# Problem details:
For the data below, give again exactly the lines from the one containing "Hippolo Maglietta da" through the one containing "Le gaufrier avec", both ends included, and no others.

# Input data:

──────────────────────────────

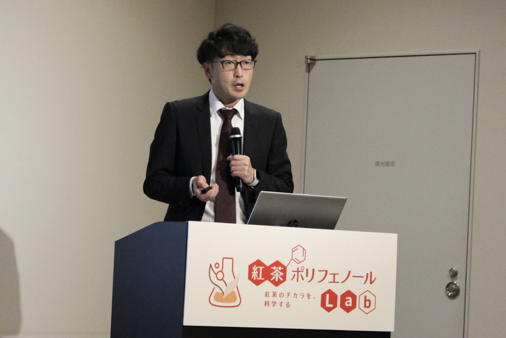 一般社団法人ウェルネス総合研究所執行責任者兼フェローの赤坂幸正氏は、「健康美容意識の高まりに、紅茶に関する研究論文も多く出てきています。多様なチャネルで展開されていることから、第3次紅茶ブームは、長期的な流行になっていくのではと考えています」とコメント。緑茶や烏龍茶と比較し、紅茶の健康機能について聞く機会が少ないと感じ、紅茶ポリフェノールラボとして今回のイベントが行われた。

──────────────────────────────

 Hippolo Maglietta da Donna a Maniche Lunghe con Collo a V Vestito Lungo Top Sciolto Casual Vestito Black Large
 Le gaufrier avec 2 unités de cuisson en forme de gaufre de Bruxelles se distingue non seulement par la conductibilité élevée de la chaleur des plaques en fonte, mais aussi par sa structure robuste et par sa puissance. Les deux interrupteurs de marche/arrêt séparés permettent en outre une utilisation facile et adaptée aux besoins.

──────────────────────────────

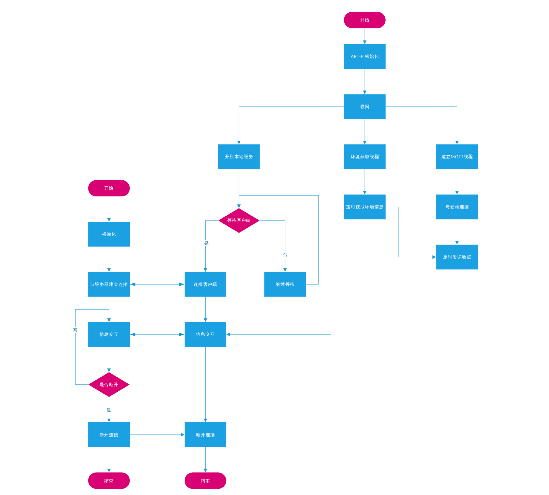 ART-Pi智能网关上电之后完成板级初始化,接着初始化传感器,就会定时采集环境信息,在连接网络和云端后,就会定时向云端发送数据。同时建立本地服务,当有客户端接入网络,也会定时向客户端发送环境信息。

──────────────────────────────

# Result of the exercise:
 Hippolo Maglietta da Donna a Maniche Lunghe con Collo a V Vestito Lungo Top Sciolto Casual Vestito Black Large
 Le gaufrier avec 2 unités de cuisson en forme de gaufre de Bruxelles se distingue non seulement par la conductibilité élevée de la chaleur des plaques en fonte, mais aussi par sa structure robuste et par sa puissance. Les deux interrupteurs de marche/arrêt séparés permettent en outre une utilisation facile et adaptée aux besoins.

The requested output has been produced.